YOUR GOAL ▸
The answer must consist solely of the lines below starting at the one containing "Baby girl chiffon" and ending at the one containing "Join the FUQUETTE", repeated exactly, with both ends included and all pictures omitted.

▬▬▬▬▬▬

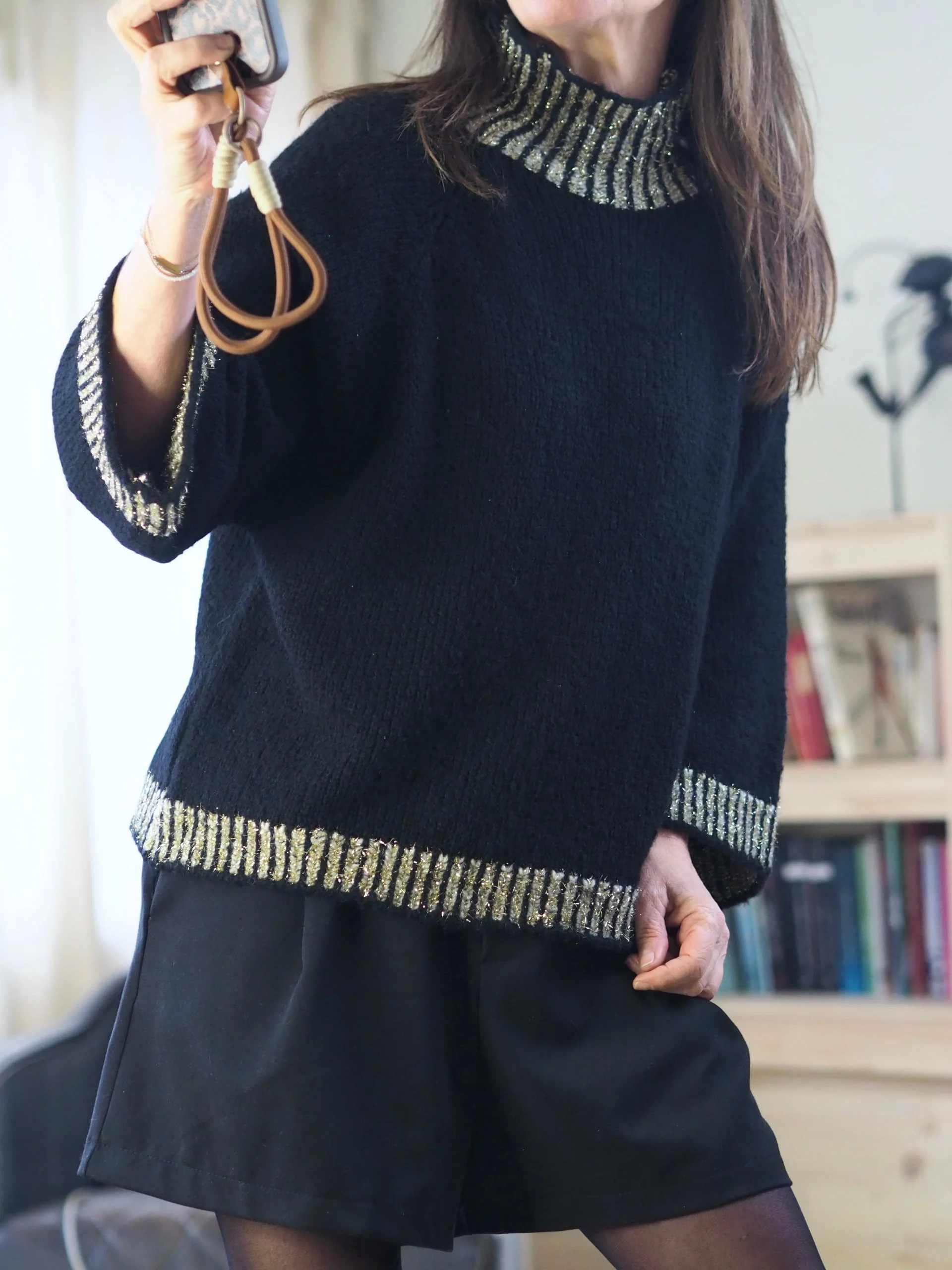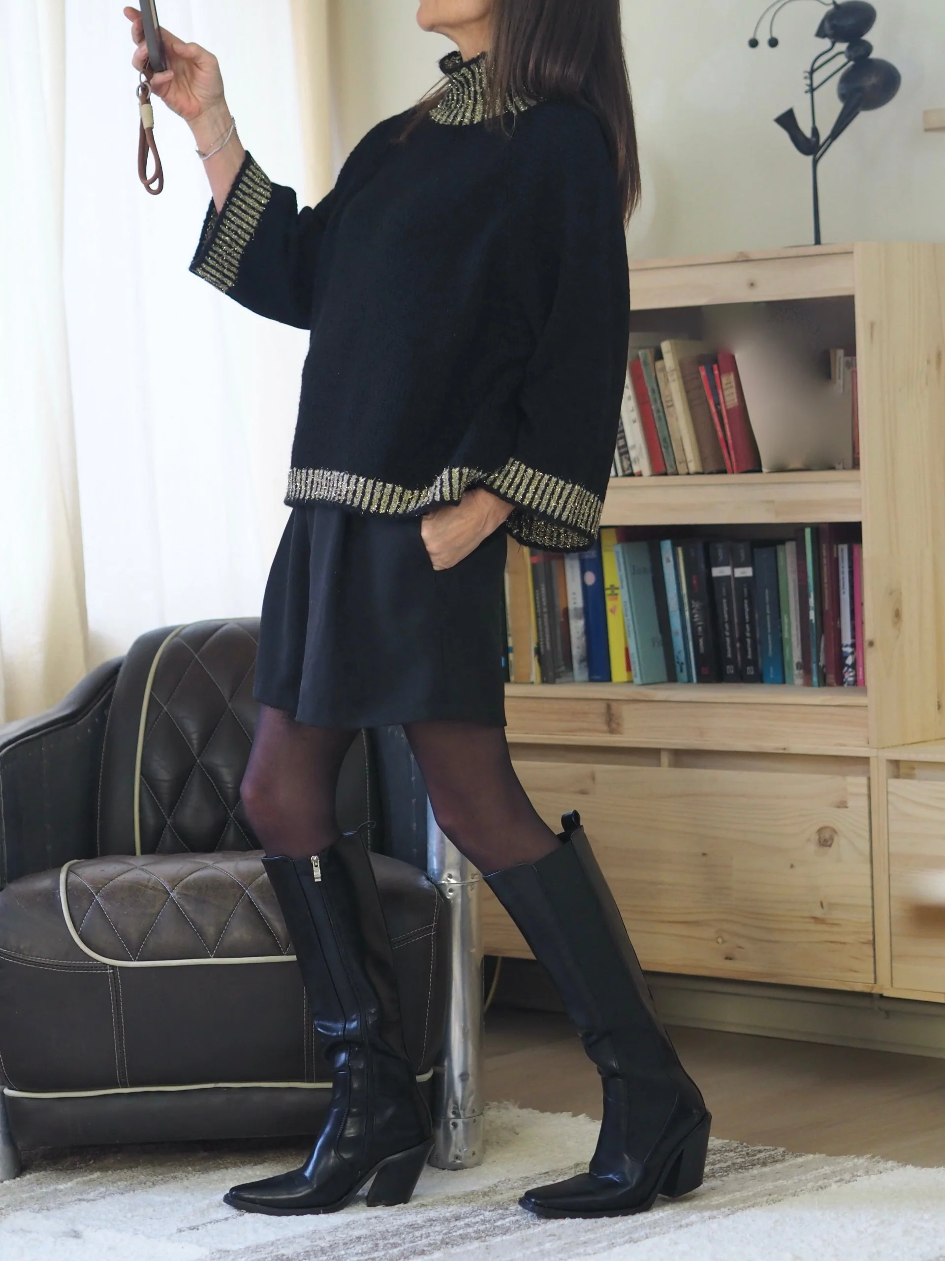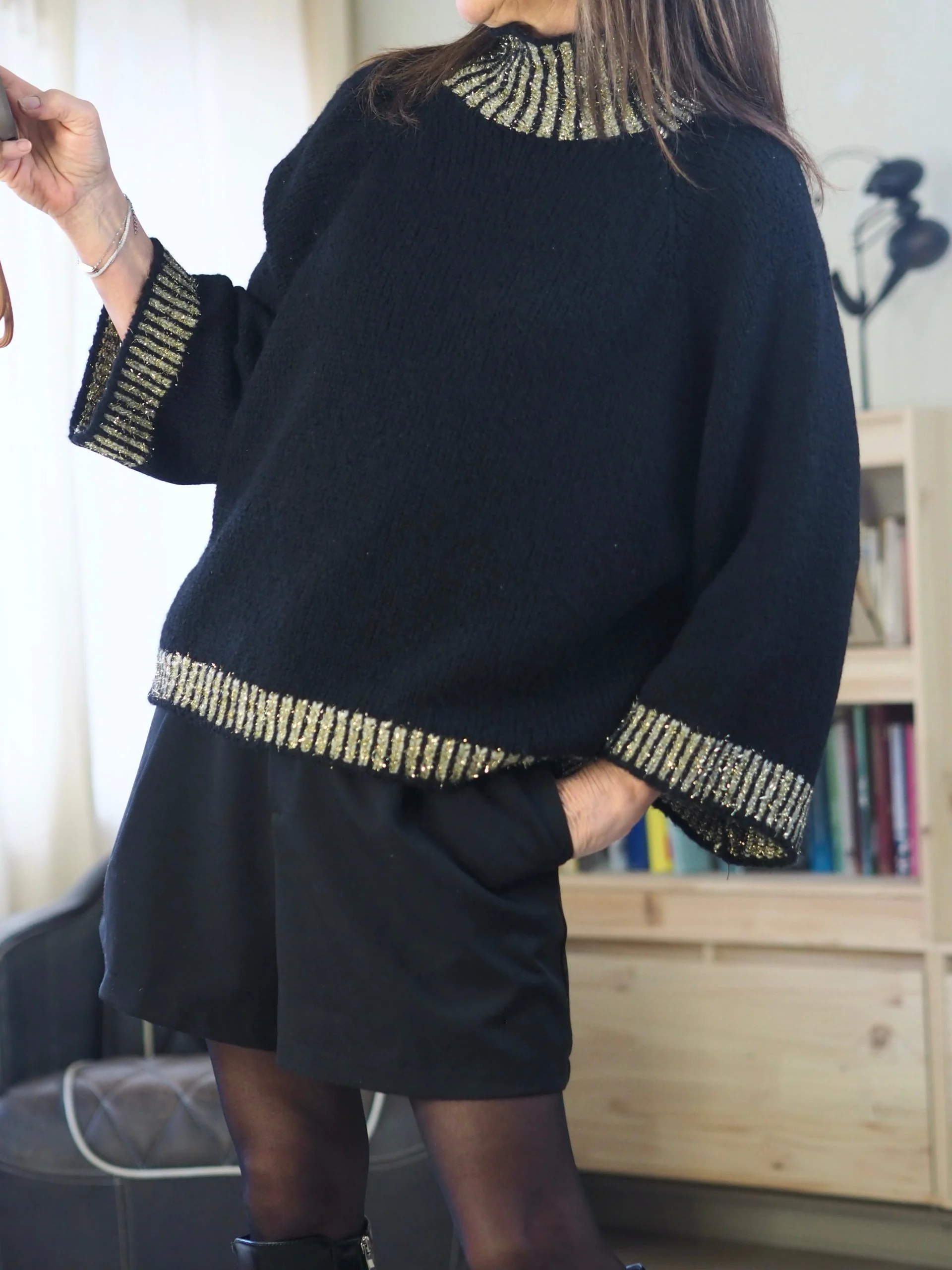 Pull noir. Col, manches et bas doré. Coupe droite.
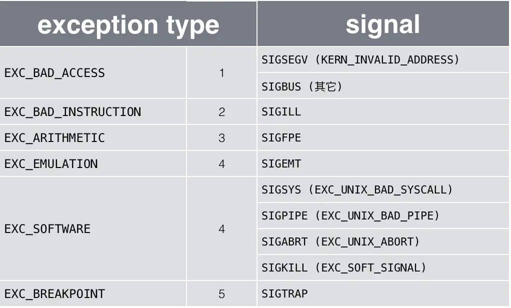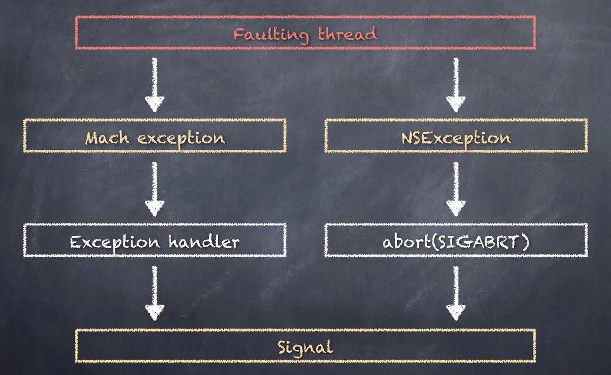 crash,但由于mach exception会在BSD层被转换成UNIX信号,NSException在未被捕获的情况下会调用abort抛出信号,因此即便是我们只注册了signal的处理,只要注册的signal足够多,理论上也是能捕获到全部的crash。
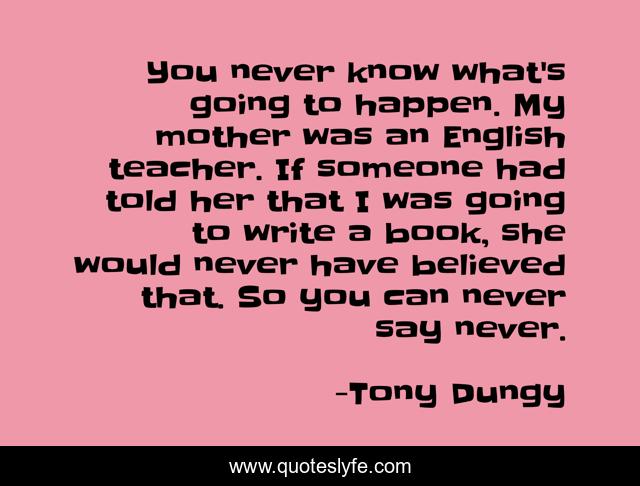 This page presents the quote "You never know what's going to happen. My mother was an English teacher. If someone had told her that I was going to write a book, she would never have believed that. So you can never say never.". Author of this quote is Tony Dungy. This quote is about book, mother,.
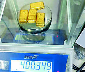 KOLKATA: Four gold bars weighing above 400 gms and worth Rs 20.8 lakhs — wrapped in black adhesive tapes — were found hidden under a seat of an IndiGo flight that reached Kolkata from Bangkok on Saturday. Customs officials said the gold bars were taped under seat 29F of IndiGo flight 6E 078.
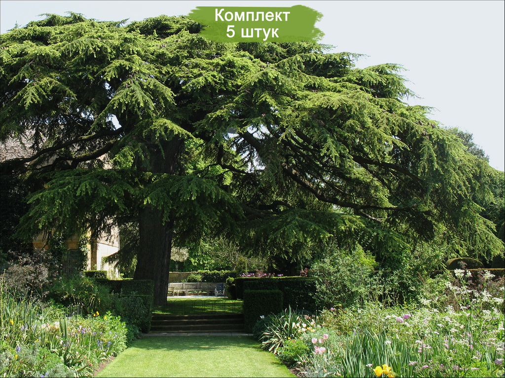 Набор из пяти саженцев ливанского кедра размером от 100 до 150 см предлагается по привлекательной цене — платите за четыре, получаете пять! Ливанский кедр в дикой природе способен достигать высоты до 55 метров, а его ствол может быть толщиной до 3,5 метров в диаметре. Однако в условиях культурного выращивания, например, в парках или садах, его размеры обычно не превышают 35 метров в высоту и два метра в диаметре ствола.
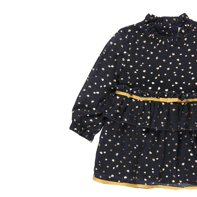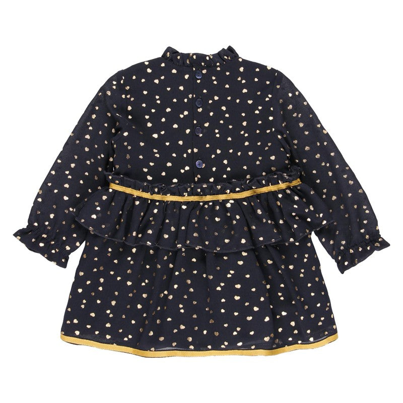 Baby girl chiffon dress for children with long sleeves and heart print girl Boboli from the autumn winter collection product code 701132 navy blue. Children's clothing.
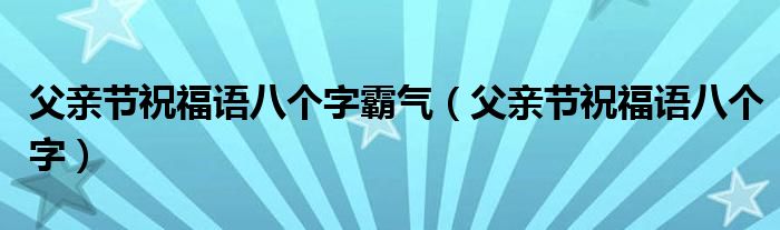 大家好,小晋来为大家解答以下问题,关于父亲节祝福语八个字霸气,父亲节祝福语八个字很多人还不知道,今天让我们一起来看看吧!
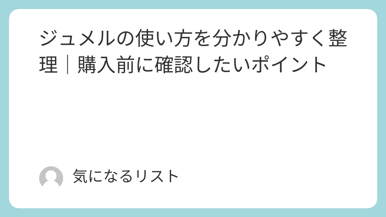 この記事では、ジュメルの使い方を中心に、購入前に確認しておきたい考え方や注意点を分かりやすく整理しています。
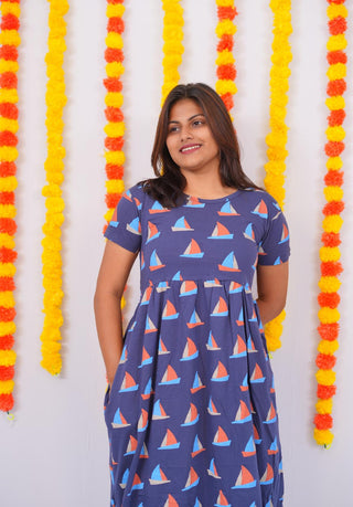 BLUE BOAT | NON-FEEDING MAXI – SHORT SLEEVES | ANKLE LENGTH MAXI
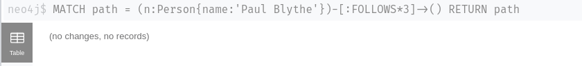 MATCH path = (:Person{name:'Paul Blythe'})-[:FOLLOWS*1..3]->()
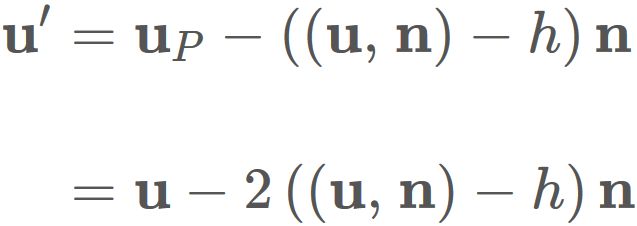 $\mathbf{u}$ の平面 $P$ に対する鏡映点を
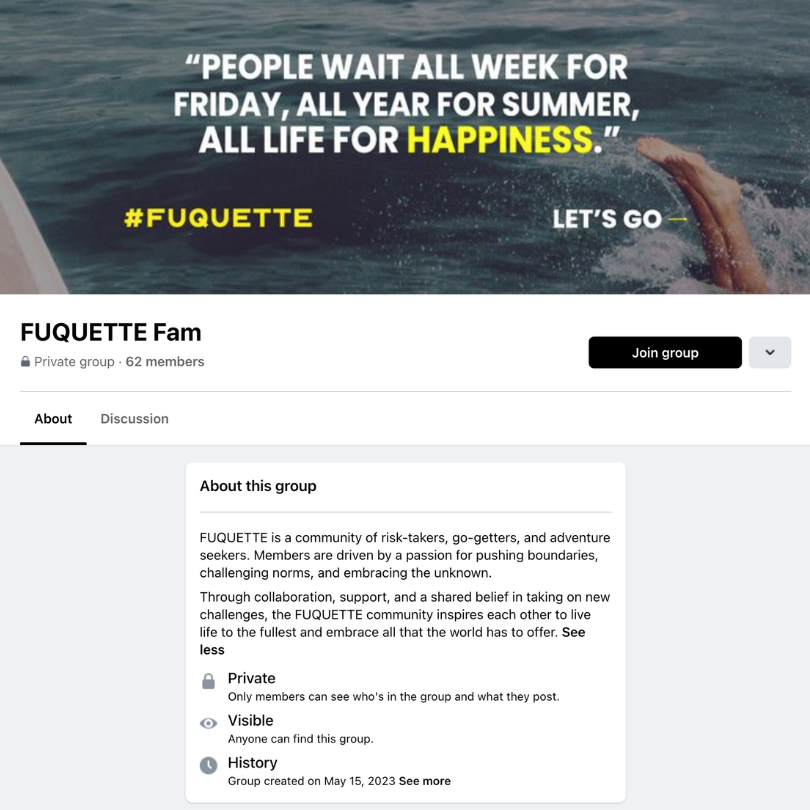 Join the FUQUETTE fam on Facebook: Connect with like-minded individuals, share your bold journey, and be part of a community that celebrates fearless living.
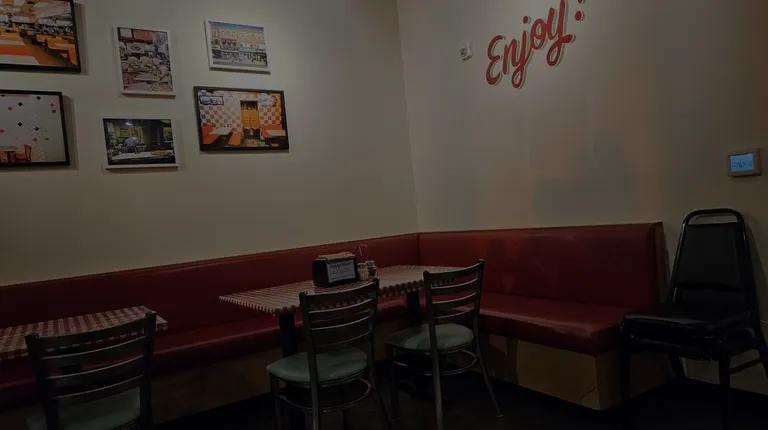 Nothing to write home about. I carefully gave my order. My husband got two pieces of pizza, and I waited for mine. When I finally realized one of his was mine, it was the wrong pizza. I let the server know that it was the wrong and they weren't happy at all. I guess they weren't paying attention. ANYWAY I like thin and crispy pizza, but not when it's so thin that it doesn't stay up when you try to eat that, and it flops over.They have pizza by the slice and the option to buy a whole pizza. We got it by the slice and it came out fast. During a busy time during the day, you might have to wait for a table to be available.
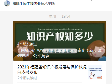 四、多渠道宣传,提高知识产权保护意识。我校微信公众号转载国家知识产权局和福建市场监督管理局有关知识产权保护资讯内容,并在学校宣传栏宣传保护知识产权,通过在全校范围线上线下宣传,增强全校尊重和保护知识产权的意识,助力知识产权强国建设。
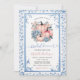 Elegant Blå Chinoiserie Trädgård Rosa Blommig Bröllopsdusch Inbjudan

▬▬▬▬▬▬

FINISHED TASK ▸
 Baby girl chiffon dress for children with long sleeves and heart print girl Boboli from the autumn winter collection product code 701132 navy blue. Children's clothing.
 大家好,小晋来为大家解答以下问题,关于父亲节祝福语八个字霸气,父亲节祝福语八个字很多人还不知道,今天让我们一起来看看吧!
 この記事では、ジュメルの使い方を中心に、購入前に確認しておきたい考え方や注意点を分かりやすく整理しています。
 BLUE BOAT | NON-FEEDING MAXI – SHORT SLEEVES | ANKLE LENGTH MAXI
 MATCH path = (:Person{name:'Paul Blythe'})-[:FOLLOWS*1..3]->()
 $\mathbf{u}$ の平面 $P$ に対する鏡映点を
 Join the FUQUETTE fam on Facebook: Connect with like-minded individuals, share your bold journey, and be part of a community that celebrates fearless living.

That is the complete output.